Meest opvallend is dat de direct betrokken duikers of hun buddy’s zelf bijna geen meldingen meer doen. In de meeste gevallen (66 van de 84) komen de meldingen van derden. Dat wil zeggen: uit de media of van ziekenhuizen die duikers hebben behandeld. ‘Dit is een probleem,’ schrijft DOSA-voorzitter David Wassing in het jaarverslag. ‘Want meldingen van de betrokkenen zelf bevatten vaak de meeste details. En die details stellen ons in staat een gedegen analyse te maken.’ Het effect hiervan zie je terug in de grafieken en het jaarverslag. In ongeveer de helft van de gevallen kan DOSA niet terugvinden hoe oud de betrokkene was, of het een man of een vrouw was en hoeveel duikervaring hij of zij had. De toedracht van het ongeval of incident blijft onbekend. Daarnaast stuurt de Vlaamse duikbond NELOS de meldingen door van incidenten met Belgische duikers in Nederland. NELOS is strikter op de ongevallenregistratie: melding geldt daar als voorwaarde bij de ongevallenverzekering. Dit kan ten onrechte het beeld opleveren dat Belgische duikers vaker brokken maken.
Raadsel
Het enige (geregistreerde) dodelijke ongeval in 2019 gebeurde op Bonaire. Daar dook een 55-jarige vrouw solo met een rebreather. Op 25 meter diepte werd zij gevonden, zonder mondstuk in haar mond. Een eerste onderzoek van de rebreather leverde geen aanwijzingen op van technische mankementen. De vermoedelijke doodsoorzaak is CO2 vergiftiging. Decompressieongevallen doen zich relatief vaak voor in combinatie met andere factoren: ongecontroleerde opstijging, meerdere diepe herhalingsduiken in een korte periode, zware inspanning tijdens de duik of stops overslaan wegens luchtgebrek. Een duiker moest door luchtgebrek de alternatieve luchtvoorziening van de buddy vragen maar stak deze ondersteboven in haar mond. Daardoor kreeg ze water binnen en kon de decompressie niet worden afgemaakt. Een duiker schrijft: ‘Ben een week op vakantie geweest om te duiken. Na de tweede duik kreeg ik rode vlekken op mijn buik, raadsel voor mij wat dit was. Na nog twee duiken de volgende dag liepen de verschijnselen op. Na veel Google en bellen bleek ik skin bends opgelopen te hebben.’ Uit de registratie blijkt niet of deze duiker zich heeft laten behandelen.

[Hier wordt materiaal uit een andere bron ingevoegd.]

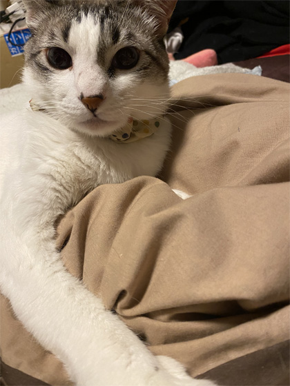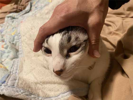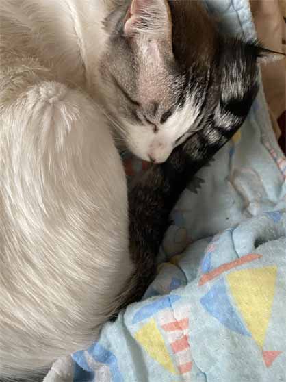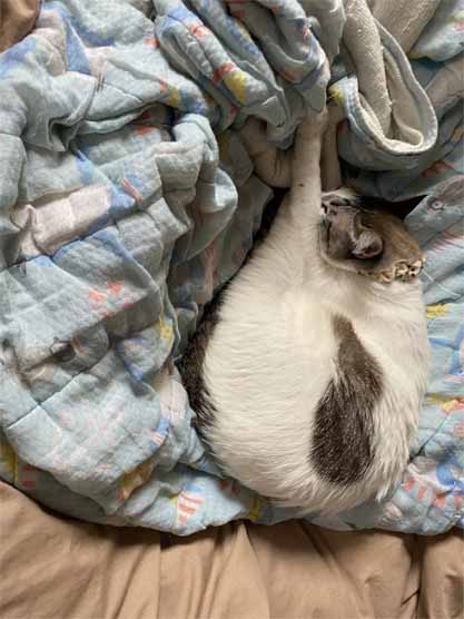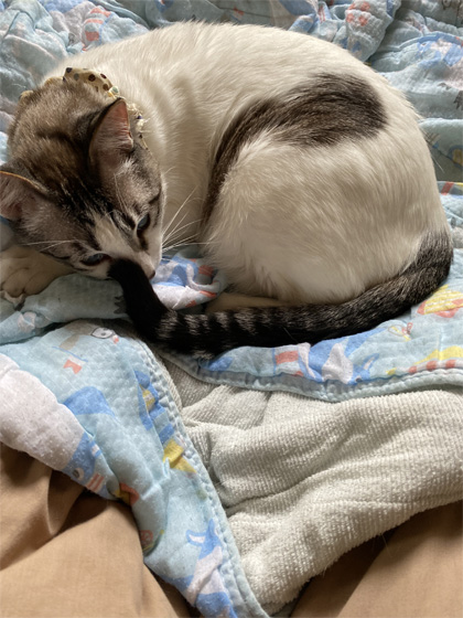 この前は、しっぽが顔にまとわりついてたけど
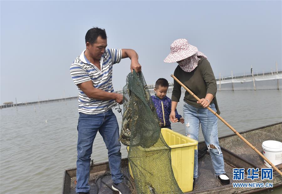 10月17日,湖州廟港人水產(chǎn)有限公司蟹農(nóng)在太湖養(yǎng)殖基地捕撈大閘蟹。 時(shí)值重陽,太湖南岸的大閘蟹開始大批量上市,迎來豐收季。浙江省湖州市近年來結(jié)合太湖水治理,提升太湖漁業(yè)資源質(zhì)量。目前,湖州太湖蟹養(yǎng)殖面積3.6萬畝左右,年產(chǎn)3000多噸。 新華社記者錢一攝
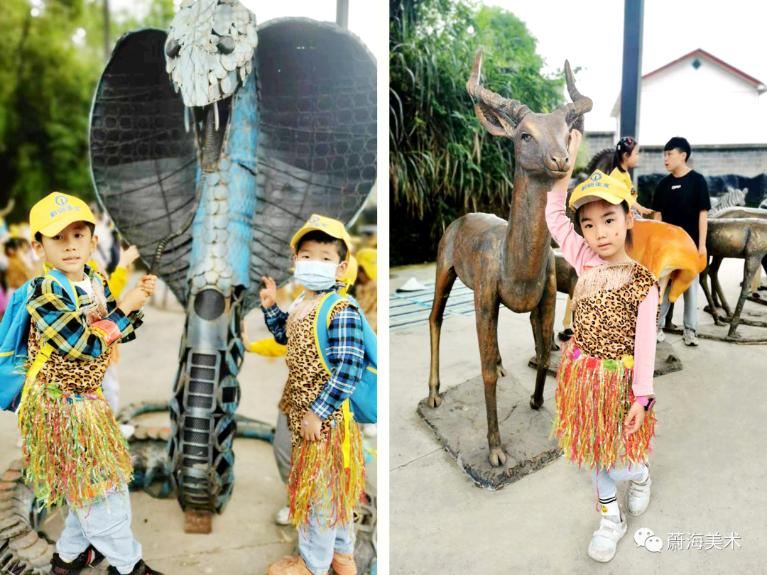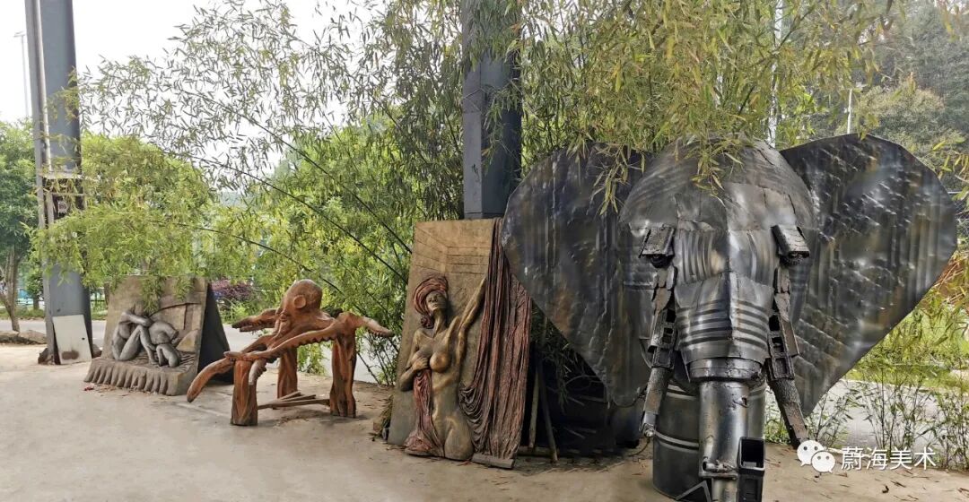 这些雕塑都是来自非洲的艺人用废弃的材料打造出一尊尊独特的金属雕塑,

Onvoldoende duikvaardigheid leidt tot panieksituaties.
In tien gevallen speelt het verkeerd gebruik van materiaal een rol bij het ontstaan van een incident. Zo maakte een instructeur een ongecontroleerde opstijging omdat hij verkeerd was uitgelood. Ondanks de rommelige eerstehulpverlening hield hij er geen klachten aan over. Een andere duiker kwam in de problemen doordat een geleende loodgordel niet goed was vastgemaakt en losraakte. Ook dit leidde tot een ongecontroleerde opstijging van 8,5 meter diepte. Op de kant is na telefonisch raadplegen van een duikerarts een uur lang zuurstof toegediend. En een duiker had angstige momenten toen zijn wing vol water liep omdat de tie-wraps van de inflator waren geschoten. Duikmateriaal speelde in 2019 (10 keer) overigens een minder grote rol bij het ontstaan van duikongevallen en –incidenten dan in 2018 (29 keer). In vijf gevallen was sprake van valpartijen door gladheid of problemen met een duiktrap. Dat leidde onder meer tot een botbreuk, een gescheurde spier, een gekneusde knie en pijnlijke handen en knieën.
Blijven trainen
Op basis van de ongevallenregistratie komt DOSA tot de slotsom dat duikers nog steeds duiken met materiaal dat ze onvoldoende kennen of beheersen. Er wordt gedoken buiten de competenties van de duiker en onvoldoende duikvaardigheid leidt tot panieksituaties. En de meldingen van ongevallen, decompressie- of ernstige ongevallen komen in de meeste gevallen van derden, waardoor de toedracht bij DOSA onbekend blijft. Uit de analyse heeft DOSA vier aanbevelingen herleid:
- Train regelmatig de duikvaardigheid. Ook (juist!) als de opleiding is afgerond. Train daarbij ook op situaties die lastiger zijn, zoals het opstijgen met één vin, zonder vinnen of zonder masker. Doe dit eerst in een veilige omgeving zoals het zwembad.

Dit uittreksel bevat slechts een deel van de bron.